--- SOURCE DATA ---
============

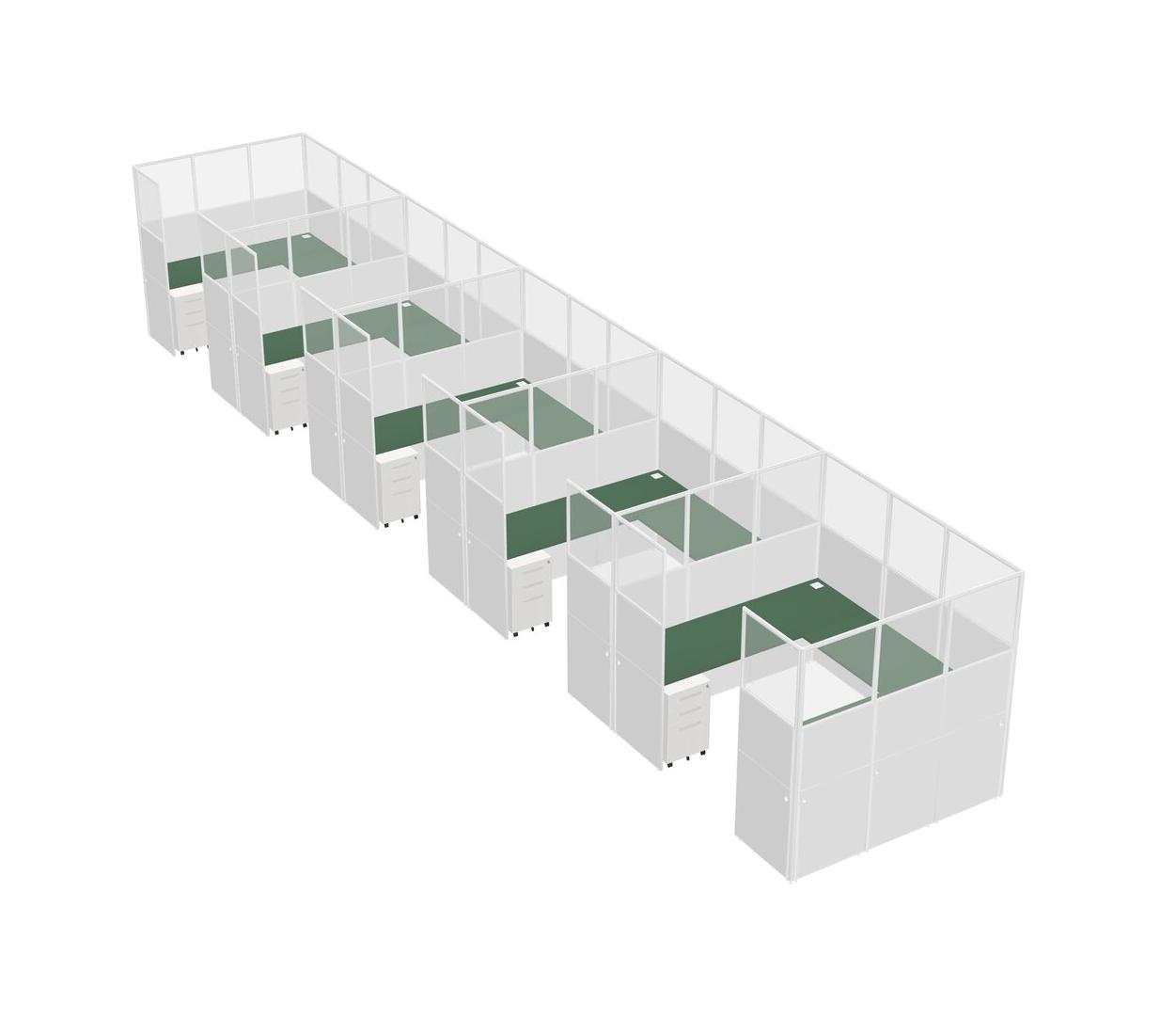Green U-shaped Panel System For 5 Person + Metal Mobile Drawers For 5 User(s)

============

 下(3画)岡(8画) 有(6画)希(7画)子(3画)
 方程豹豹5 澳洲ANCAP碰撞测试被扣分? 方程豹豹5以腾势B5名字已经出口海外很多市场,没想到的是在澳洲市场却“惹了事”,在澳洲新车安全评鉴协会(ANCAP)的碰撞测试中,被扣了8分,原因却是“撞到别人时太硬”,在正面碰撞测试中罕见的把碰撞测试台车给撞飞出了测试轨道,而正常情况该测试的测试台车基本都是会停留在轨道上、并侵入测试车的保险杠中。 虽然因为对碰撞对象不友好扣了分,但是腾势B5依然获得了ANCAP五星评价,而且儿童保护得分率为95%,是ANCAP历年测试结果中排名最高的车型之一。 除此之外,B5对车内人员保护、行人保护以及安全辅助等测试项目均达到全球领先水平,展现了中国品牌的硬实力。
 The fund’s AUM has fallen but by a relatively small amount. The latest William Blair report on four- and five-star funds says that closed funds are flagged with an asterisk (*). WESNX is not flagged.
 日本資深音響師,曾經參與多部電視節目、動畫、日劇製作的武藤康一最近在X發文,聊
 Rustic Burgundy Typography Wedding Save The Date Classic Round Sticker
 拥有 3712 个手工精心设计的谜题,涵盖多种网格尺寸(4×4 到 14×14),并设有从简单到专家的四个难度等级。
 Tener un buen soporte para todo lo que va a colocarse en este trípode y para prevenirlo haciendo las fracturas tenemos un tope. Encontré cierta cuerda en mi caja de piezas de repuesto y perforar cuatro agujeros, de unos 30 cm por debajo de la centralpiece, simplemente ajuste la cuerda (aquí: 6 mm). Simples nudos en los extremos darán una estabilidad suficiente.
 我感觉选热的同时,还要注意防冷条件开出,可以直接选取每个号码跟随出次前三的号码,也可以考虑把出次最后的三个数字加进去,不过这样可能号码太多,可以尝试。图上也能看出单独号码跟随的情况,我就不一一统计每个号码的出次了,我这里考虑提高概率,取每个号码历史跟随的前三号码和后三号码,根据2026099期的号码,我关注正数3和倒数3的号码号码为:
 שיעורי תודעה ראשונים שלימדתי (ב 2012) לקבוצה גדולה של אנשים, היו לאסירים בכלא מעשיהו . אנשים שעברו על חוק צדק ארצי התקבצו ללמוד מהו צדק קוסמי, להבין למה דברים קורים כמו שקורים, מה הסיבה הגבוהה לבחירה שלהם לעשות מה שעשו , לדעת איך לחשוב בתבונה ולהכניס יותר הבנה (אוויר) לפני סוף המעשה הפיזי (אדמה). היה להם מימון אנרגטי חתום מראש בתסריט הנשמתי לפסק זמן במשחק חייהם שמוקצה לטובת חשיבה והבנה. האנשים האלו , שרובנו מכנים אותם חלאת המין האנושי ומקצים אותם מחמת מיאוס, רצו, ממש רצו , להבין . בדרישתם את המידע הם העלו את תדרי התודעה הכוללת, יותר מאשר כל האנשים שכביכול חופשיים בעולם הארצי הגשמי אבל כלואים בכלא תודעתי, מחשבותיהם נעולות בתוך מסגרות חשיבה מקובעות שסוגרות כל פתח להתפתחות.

============

--- PROMPT ---
Looking at the data above, write out exactly the lines that start at the one containing "我感觉选热的同时,还要注意防" and end at the one containing "שיעורי תודעה ראשונים"; include both and nothing beyond.

--- SOLUTION FOR THIS EXERCISE ---
 我感觉选热的同时,还要注意防冷条件开出,可以直接选取每个号码跟随出次前三的号码,也可以考虑把出次最后的三个数字加进去,不过这样可能号码太多,可以尝试。图上也能看出单独号码跟随的情况,我就不一一统计每个号码的出次了,我这里考虑提高概率,取每个号码历史跟随的前三号码和后三号码,根据2026099期的号码,我关注正数3和倒数3的号码号码为:
 שיעורי תודעה ראשונים שלימדתי (ב 2012) לקבוצה גדולה של אנשים, היו לאסירים בכלא מעשיהו . אנשים שעברו על חוק צדק ארצי התקבצו ללמוד מהו צדק קוסמי, להבין למה דברים קורים כמו שקורים, מה הסיבה הגבוהה לבחירה שלהם לעשות מה שעשו , לדעת איך לחשוב בתבונה ולהכניס יותר הבנה (אוויר) לפני סוף המעשה הפיזי (אדמה). היה להם מימון אנרגטי חתום מראש בתסריט הנשמתי לפסק זמן במשחק חייהם שמוקצה לטובת חשיבה והבנה. האנשים האלו , שרובנו מכנים אותם חלאת המין האנושי ומקצים אותם מחמת מיאוס, רצו, ממש רצו , להבין . בדרישתם את המידע הם העלו את תדרי התודעה הכוללת, יותר מאשר כל האנשים שכביכול חופשיים בעולם הארצי הגשמי אבל כלואים בכלא תודעתי, מחשבותיהם נעולות בתוך מסגרות חשיבה מקובעות שסוגרות כל פתח להתפתחות.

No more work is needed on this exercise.